En la reciente carta encíclica LAUDATO SI´ el Papa Francisco aborda magistralmente el tema sobre el cuidado de la naturaleza: “Contaminación y cambio climático, La cuestión del agua, La pérdida de biodiversidad, Deterioro de la calidad de vida y degradación social”, etc. etc. pero sin olvidar aclarar que la ecología humana entra dentro de la naturaleza “e implica también algo muy hondo: la necesaria relación de la vida del ser humano con la ley moral escrita en su propia naturaleza, necesaria para poder crear un ambiente más digno”. Cita a Benedicto XVI cuando dice que: “existe una “ecología del hombre” porque “también el hombre posee una naturaleza que él debe respetar y que no puede manipular a su antojo”. En esta línea -prosigue el Papa Francisco- ”cabe reconocer que nuestro propio cuerpo nos sitúa en una relación directa con el ambiente y con los demás seres vivientes. La aceptación del propio cuerpo como don de Dios es necesaria para acoger y aceptar el mundo entero como regalo del Padre y casa común, mientras una lógica de dominio sobre el cuerpo se transforma en una lógica a veces sutil del dominio sobre la creación. Aprender a recibir el propio cuerpo, a cuidarlo y a respetar sus significados, es esencial para una verdadera ecología humana”. “Por lo tanto, no es sana una actitud que pretenda “cancelar la diferencia sexual porque ya no sabe confrontarse con la misma”.

Está claro que me estoy refiriendo a la cuestión sobre el deseo de cambiar de sexo en adultos jóvenes y niños: La transexualidad, presente en esta Carta-Encíclica.

El Pontificio Consejo para la Pastoral de los Agentes Sanitarios explica: “No se puede violar la integridad física de una persona para el tratamiento de un mal de origen psíquico o espiritual. En estas circunstancias no se presentan órganos enfermos o funcionando mal; así que su manipulación médico-quirúrgica es una alteración arbitraria de la integridad física de la persona. No es lícito sacrificar al todo, mutilándolo o extirpándole una parte que no se relaciona patológicamente con el todo…

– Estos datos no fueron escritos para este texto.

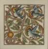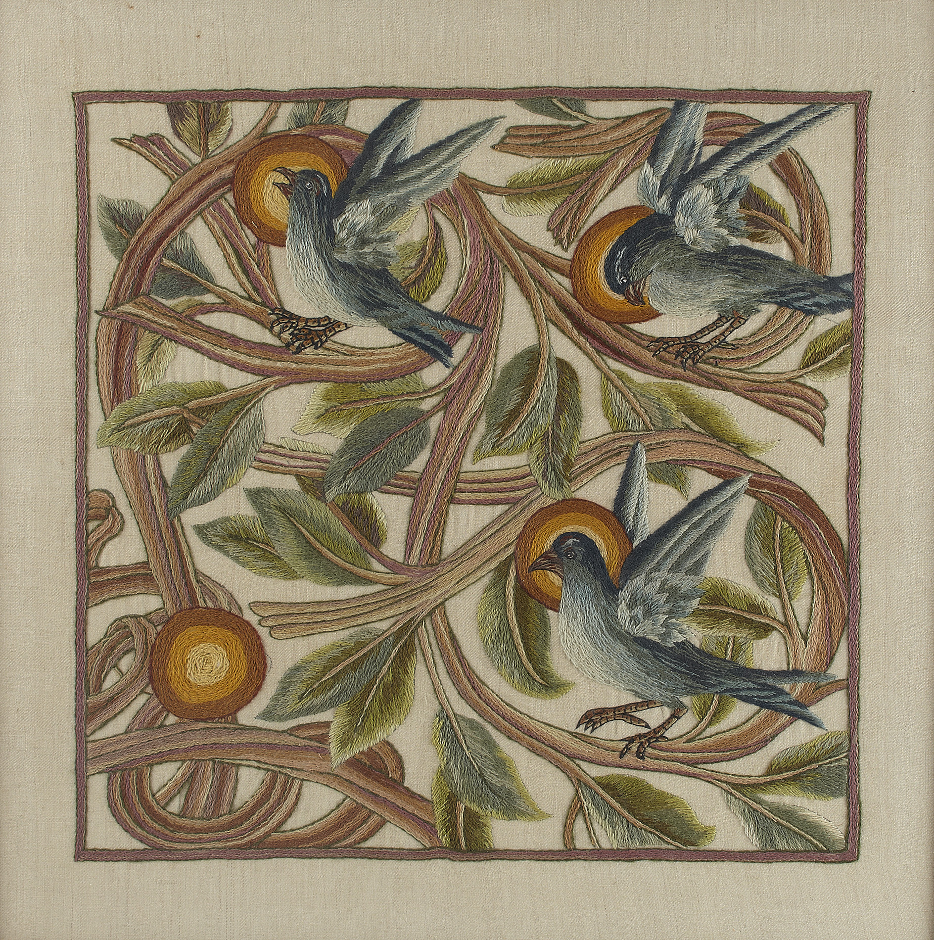 wool embroidery on linen ground depicting three blue birds amongst scrolling branches and leaves, framed and glazed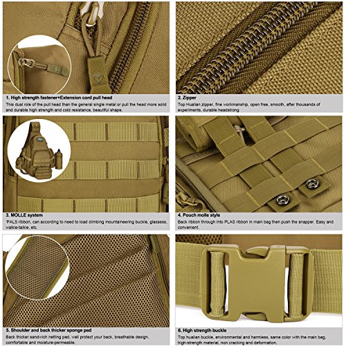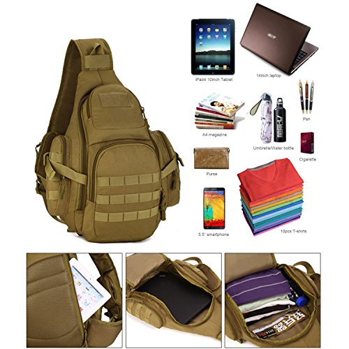 -. Title : Huntvp Tactical Military Daypack Sling Chest Pack Bag Molle Laptop Backpack Large Shoulder Bag Crossbody Duty Gear For Hunting Camping Trekking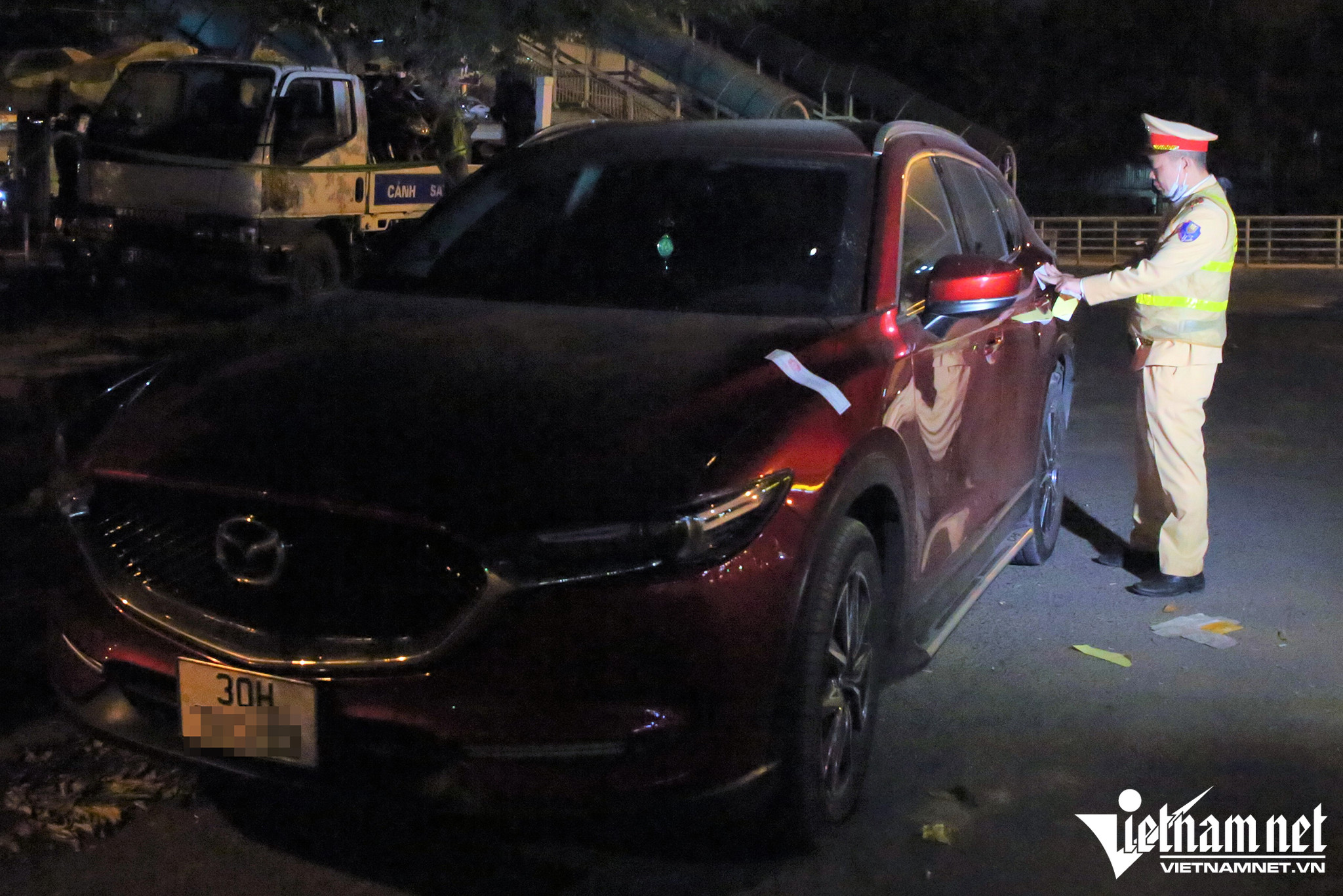 Tương tự, trường hợp tài xế N.H.Đ. (SN 1991, trú tại Hà Nội) lái ô tô BKS 30H-783.XX khi phát hiện chốt kiểm tra nồng độ cồn, người này đã điều khiển xe lao lên vỉa hè để tìm cách né tránh.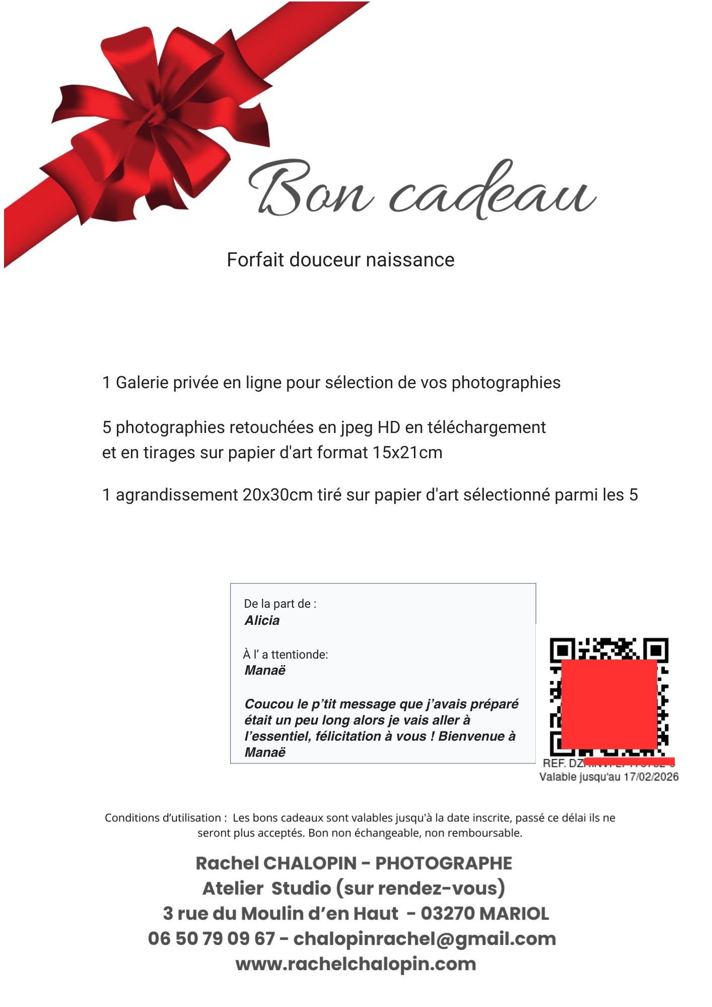 La plateforme lui permet de présenter clairement ses prestations (séances grossesse, portraits de famille, shooting bébé…) et d’offrir à ses clients une expérience simple et intuitive : ils achètent un bon en quelques clics, personnalisent le message, et peuvent l’offrir immédiatement.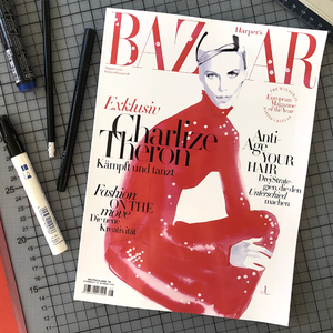 Wer braucht Photoshoots? Charlize Theron ziert die Harper’s Bazaar als Illustration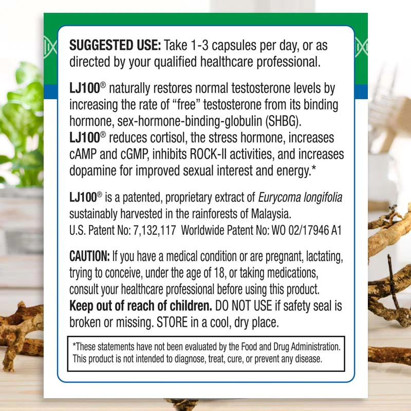 LJ100® is a patented Eurycoma longifolia extract, backed by 16 human clinical studies to naturally restores normal healthy testosterone levels by increasing the rate of “free” testosterone from its binding hormone, ####-hormone-binding-globulin (SHBG). LJ100® is a powerful adaptogen, works by reducing cortisol, the stress hormone, improving physical vitality, stamina and energy.*

Son muy claras unas palabras de Benedicto XVI recordando que, según la filosofía de género, “el sexo ya no es un dato originario de la naturaleza, que el hombre debe aceptar y llenar personalmente de sentido (…) El hombre niega tener una naturaleza preconstituida por su corporeidad, que caracteriza al ser humano. Niega la propia naturaleza y decide que ésta no se le ha dado como hecho prestablecido, sino que es él mismo quien se la debe crear”. Según el relato bíblico de la creación, el haber sido creada por Dios como varón y mujer pertenece a la esencia de la criatura humana. Esta dualidad es esencial para el ser humano, tal como Dios la ha dado. Precisamente esta dualidad como dato originario es lo que se impugna. Ya no es válido lo que leemos en el relato de la creación: “Hombre y mujer los creó” (Gn 1,27) No, lo que vale ahora es que no ha sido Él quien los creó varón y mujer, sino que hasta ahora ha sido la sociedad la que lo ha determinado, y ahora somos nosotros mismos quienes hemos de decidir sobre esto. Hombre y mujer como realidad de la creación, como naturaleza de la persona humana, ya no existen. El hombre niega su propia naturaleza…”.

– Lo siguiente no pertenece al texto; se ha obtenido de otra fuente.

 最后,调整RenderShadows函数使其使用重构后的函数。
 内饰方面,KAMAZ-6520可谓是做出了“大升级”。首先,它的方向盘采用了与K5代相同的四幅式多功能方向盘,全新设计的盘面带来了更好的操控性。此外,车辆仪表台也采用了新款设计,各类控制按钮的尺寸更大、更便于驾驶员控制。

Quiero apostar por una cultura que sepa defender y colaborar con el cuidado de la naturaleza pero sin olvidar que “el objetivo no es recoger información o saciar nuestra curiosidad, sino tomar dolorosa conciencia, atrevernos a convertir en sufrimiento personal lo que le pasa al mundo, y así reconocer cuál es la contribución que cada uno puede aportar” (Laudato Sí, n.19).